To learn more about some of these error codes mentioned here, please follow this [`PEP8 Error Codes`](https://pep8.readthedocs.io/en/release-1.7.x/intro.html#error-codes).

---

### 4. Publishing your Package 

__So You Built a Python Package, Tested and Improved it… Now What?__

You’ve written the code; you’ve tested it until your terminal cried; you’ve improved the quality until even your linter gave you a thumbs up. But now what?

Let’s be honest, if you're the only one using your beautiful piece of software, then congratulations, you’ve just made a very fancy personal tool.
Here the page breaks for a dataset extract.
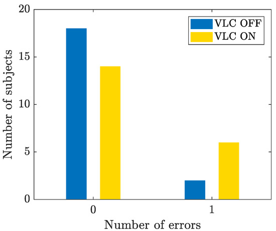 For the Ishihara test and the CUT, the number of errors made by the subjects were counted when the VLC lamp was on and when it was off. Figure 10 reports the registered errors with the Ishihara test. To understand if the differences were statistically significant, the Fisher exact test [30] was conducted. The p-value was 0.2351, which is much greater than 0.05, which showed that the reading speed (of colored texture) was not influenced by the presence of the VLC device. As such, it was not necessary to conduct any statistical tests for the CUT, as the same number of errors was observed with the VLC on and off.

But what if your package could be *the next pandas*, *the next requests*, *the next... whatever solves a real problem*?

Welcome to the final and often forgotten boss level of package development: **making it open-source ready**. That means sharing it in a way that’s usable, reproducible, and maintainable by others, not just future-you at 2am in three months.

Here’s a walk-through of the most essential files and steps you need before you can proudly `pip install` your package from `PyPI`, and maybe, just maybe, watch your GitHub repo gain some stars.

#### What Is PyPI?

[**PyPI**](https://pypi.org/), short for the *Python Package Index*, is the **official third-party software repository** for Python. It’s where developers publish open-source Python packages so others can install them easily using `pip`. `pip` is Python’s official package manager, and yes, it’s a command-line tool, but it’s specifically used for installing and managing Python packages from sources like `PyPI`.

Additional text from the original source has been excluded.